WHAT NEEDS TO BE DONE: Please return each entry exactly as it appears, but not the pictures.

--- --- ---

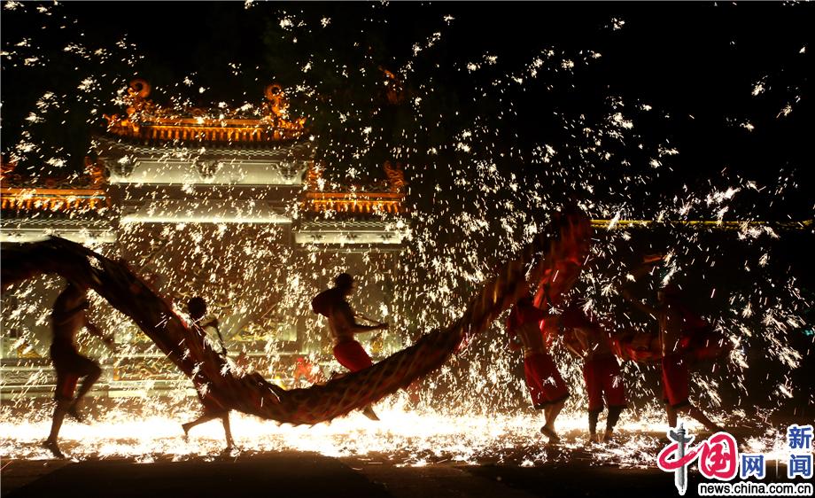 2019年5月2日晚,“五一”小长假期间,位于京杭大运河畔的山东枣庄台儿庄古城民间艺人表演的“火龙钢花”,钢花飞舞,勾勒出“人在龙中舞,龙在火中飞”的精美画卷,让游客近距离感受传统非物质文化遗产的魅力。“火龙钢花”是我国首批非物质文化遗产项目。吉喆/东方IC
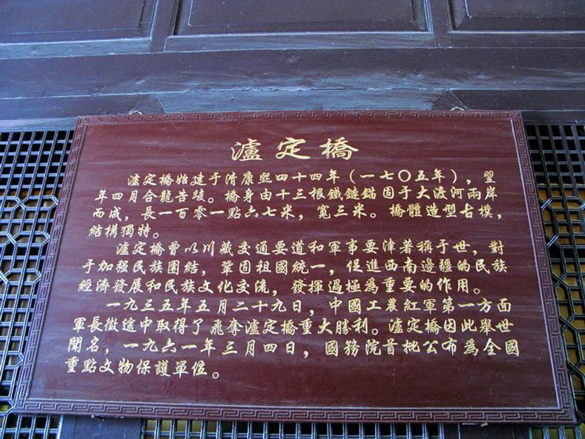 瀘定橋位于中國四川省瀘定縣,是一座橫跨大渡河的鐵索橋。它是中國紅軍長征途中的重要戰(zhàn)役地點,1935 年5 月29 日,中國工農(nóng)紅軍第一方面軍長征至此,成功飛奪瀘定橋,為紅軍北上打開了通道。
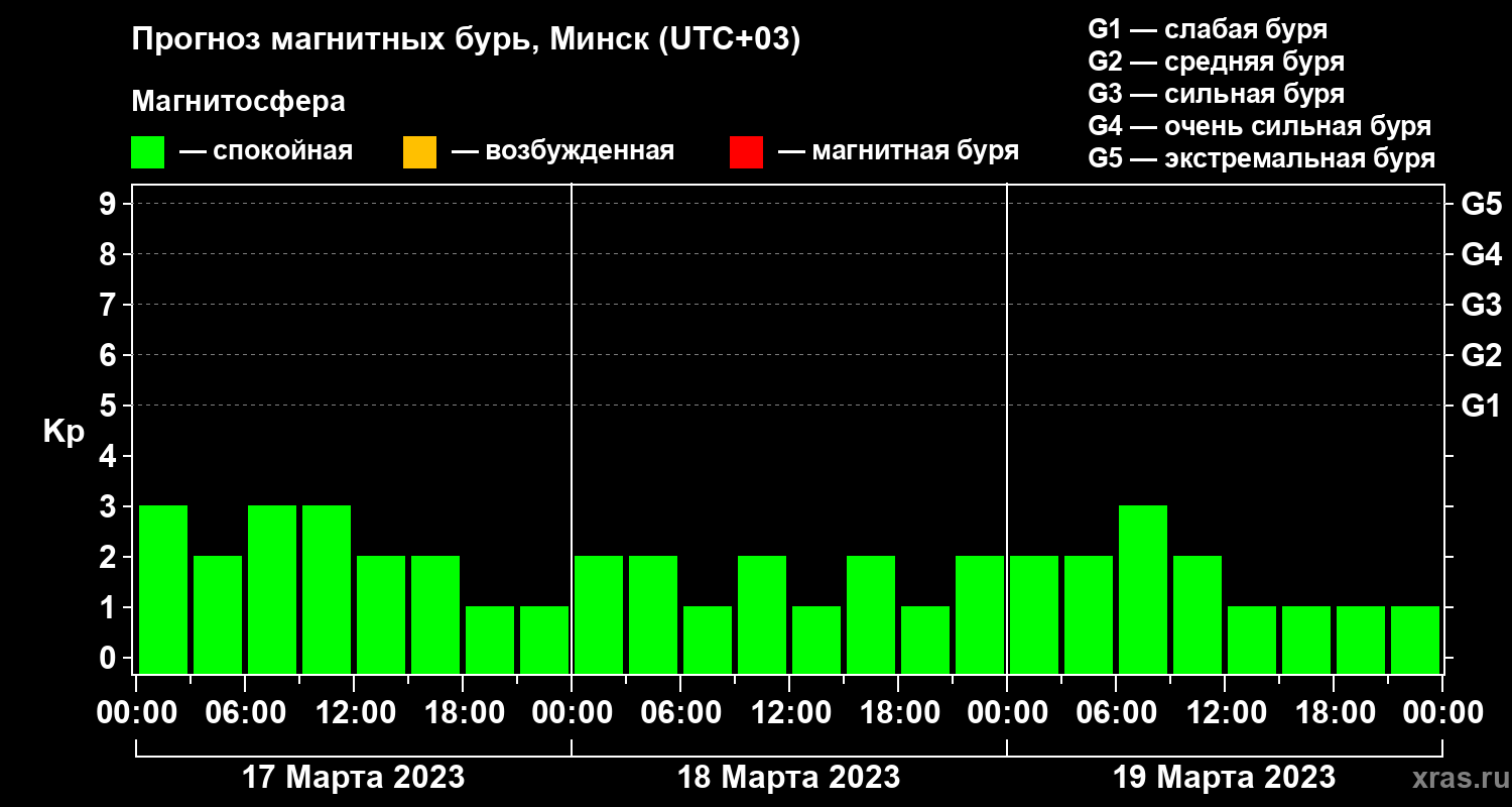 Прогноз магнитных бурь в Минске — 17 марта 2023 года
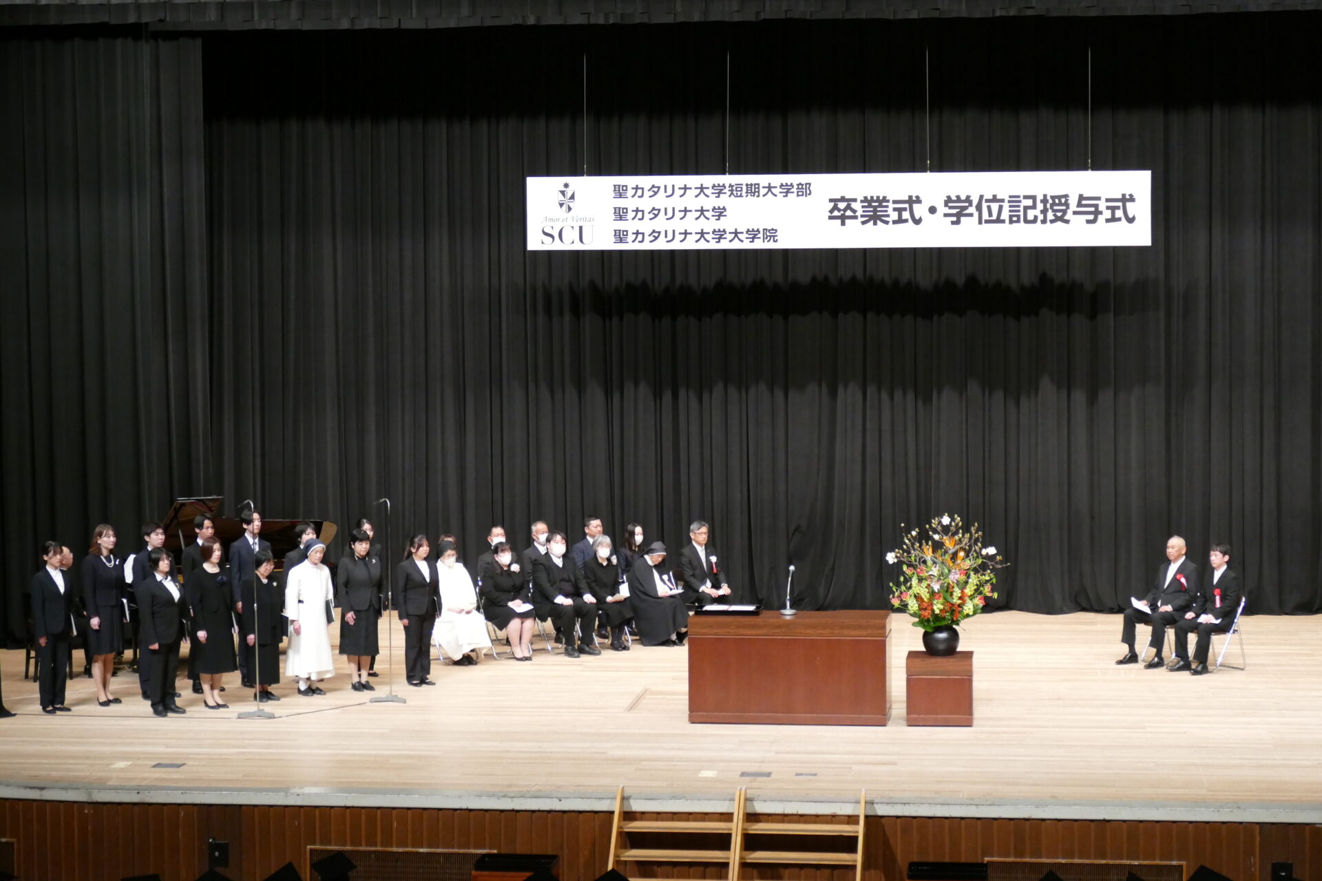 3月17日(月)、2024年度 聖カタリナ大学短期大学部、聖カタリナ大学、聖カタリナ大学大学院・卒業証書・学位記授与式を松山市民会館にて挙行しました。
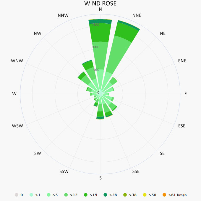 The wind rose for Thassos shows how many hours per year the wind blows from the indicated direction. The diagram for Thassos shows the days per month, during which the wind reaches a certain speed.
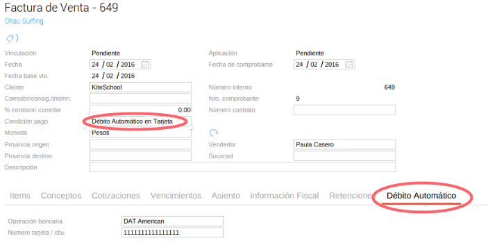 Al seleccionar como condición de pago “Débito Automático en Tarjeta”, se habilita la solapa “Débito Automático”. En ésta debés ingresar el número de tarjeta y la operación bancaria.
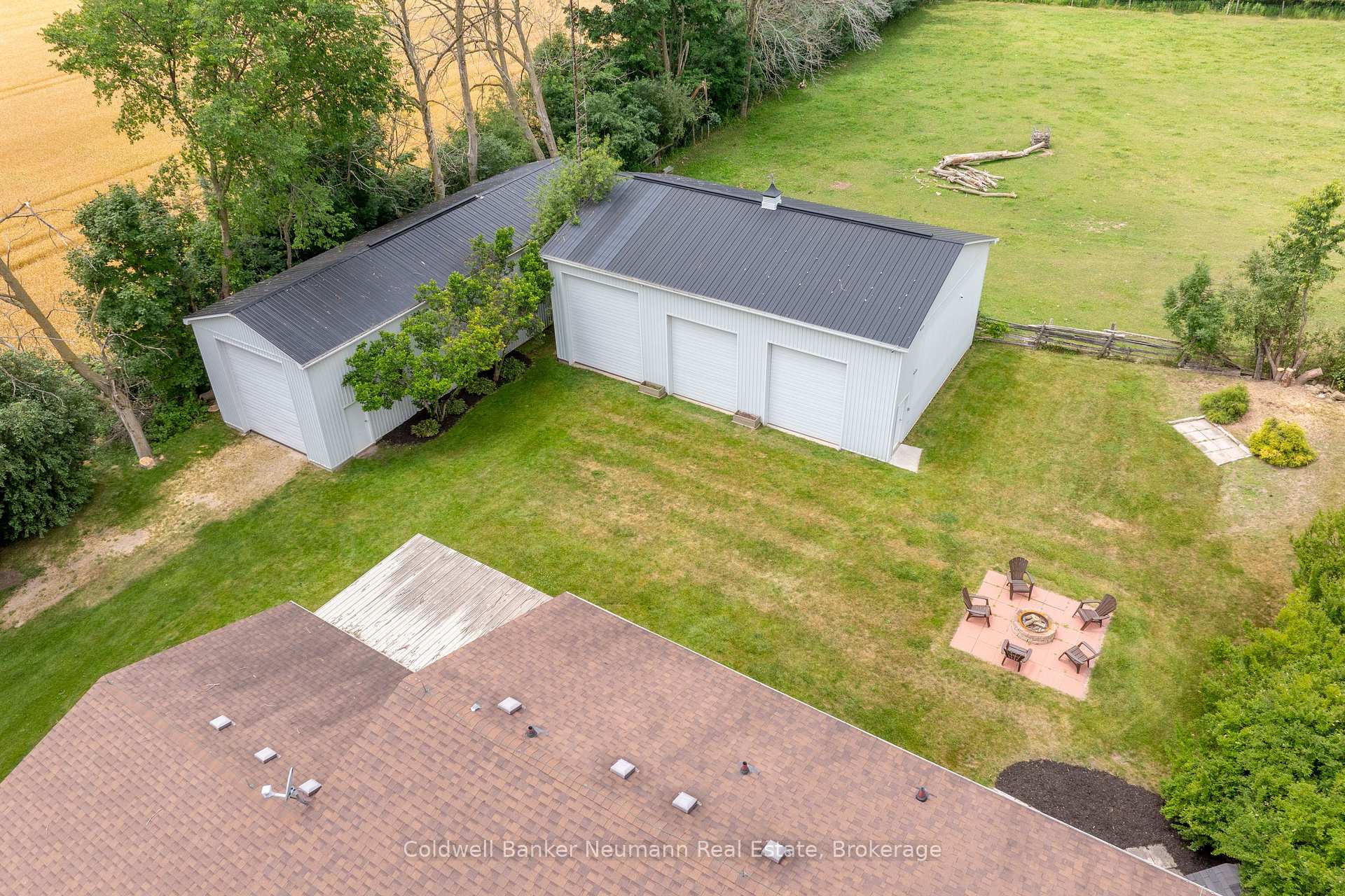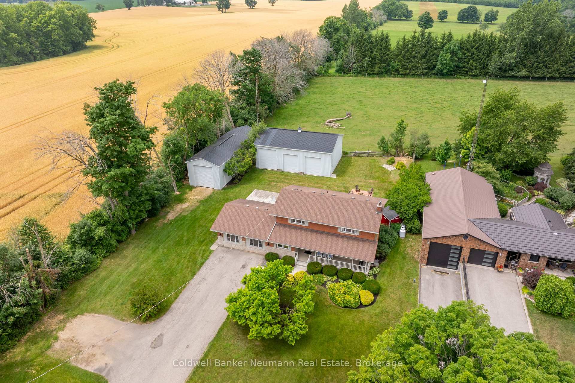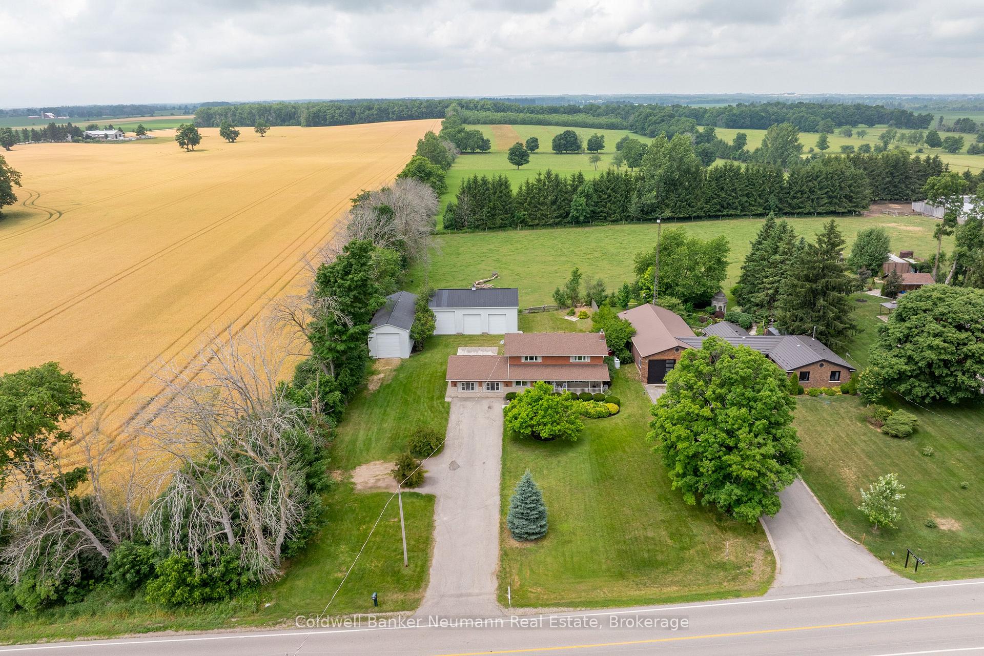 Country living at its best! This spacious home loved by one family for over 35 years, sits on just shy of an acre of beautifully landscaped land with serene views of open countryside featuring two shops! Offering over 2,700 sq ft of living space, including a 400 sq ft above-grade bachelor style in law suite, ideal for multigenerational living. The main two story home features a large wood kitchen with stainless steel appliances, ample storage, and quartz countertops. In addition to a separate dining room, and a bright living room with an electric fireplace. Main floor laundry, a 4-piece bath, and a dedicated office/flex space provide everyday convenience. The homes second floor features 4 generous bedrooms, and a full 4-pc bath. The fully finished basement offers additional living space and abundant storage. Additionally – the property features a 20kw generator for an added peace of mind to the homeowner. Outside, you’ll find two impressive shops: a 20×60 ft gravel-floor shop with 14ft door – perfect for RV or equipment storage – and a 32×47 ft three-bay shop with one, 12ft and two, 10ft doors boasting over 2,700 sq ft of combined shop space for hobbies, business, or storage needs. The backyard is private and landscaped with no rear neighbours. A perfect combination of function, space, and flexibility in a peaceful rural setting. Just minutes to town amenities with a quick drive into Guelph. A must-see!

--- --- ---

EXPECTED ANSWER:
 2019年5月2日晚,“五一”小长假期间,位于京杭大运河畔的山东枣庄台儿庄古城民间艺人表演的“火龙钢花”,钢花飞舞,勾勒出“人在龙中舞,龙在火中飞”的精美画卷,让游客近距离感受传统非物质文化遗产的魅力。“火龙钢花”是我国首批非物质文化遗产项目。吉喆/东方IC
 瀘定橋位于中國四川省瀘定縣,是一座橫跨大渡河的鐵索橋。它是中國紅軍長征途中的重要戰(zhàn)役地點,1935 年5 月29 日,中國工農(nóng)紅軍第一方面軍長征至此,成功飛奪瀘定橋,為紅軍北上打開了通道。
 Прогноз магнитных бурь в Минске — 17 марта 2023 года
 3月17日(月)、2024年度 聖カタリナ大学短期大学部、聖カタリナ大学、聖カタリナ大学大学院・卒業証書・学位記授与式を松山市民会館にて挙行しました。
 The wind rose for Thassos shows how many hours per year the wind blows from the indicated direction. The diagram for Thassos shows the days per month, during which the wind reaches a certain speed.
 Al seleccionar como condición de pago “Débito Automático en Tarjeta”, se habilita la solapa “Débito Automático”. En ésta debés ingresar el número de tarjeta y la operación bancaria.
 Country living at its best! This spacious home loved by one family for over 35 years, sits on just shy of an acre of beautifully landscaped land with serene views of open countryside featuring two shops! Offering over 2,700 sq ft of living space, including a 400 sq ft above-grade bachelor style in law suite, ideal for multigenerational living. The main two story home features a large wood kitchen with stainless steel appliances, ample storage, and quartz countertops. In addition to a separate dining room, and a bright living room with an electric fireplace. Main floor laundry, a 4-piece bath, and a dedicated office/flex space provide everyday convenience. The homes second floor features 4 generous bedrooms, and a full 4-pc bath. The fully finished basement offers additional living space and abundant storage. Additionally – the property features a 20kw generator for an added peace of mind to the homeowner. Outside, you’ll find two impressive shops: a 20×60 ft gravel-floor shop with 14ft door – perfect for RV or equipment storage – and a 32×47 ft three-bay shop with one, 12ft and two, 10ft doors boasting over 2,700 sq ft of combined shop space for hobbies, business, or storage needs. The backyard is private and landscaped with no rear neighbours. A perfect combination of function, space, and flexibility in a peaceful rural setting. Just minutes to town amenities with a quick drive into Guelph. A must-see!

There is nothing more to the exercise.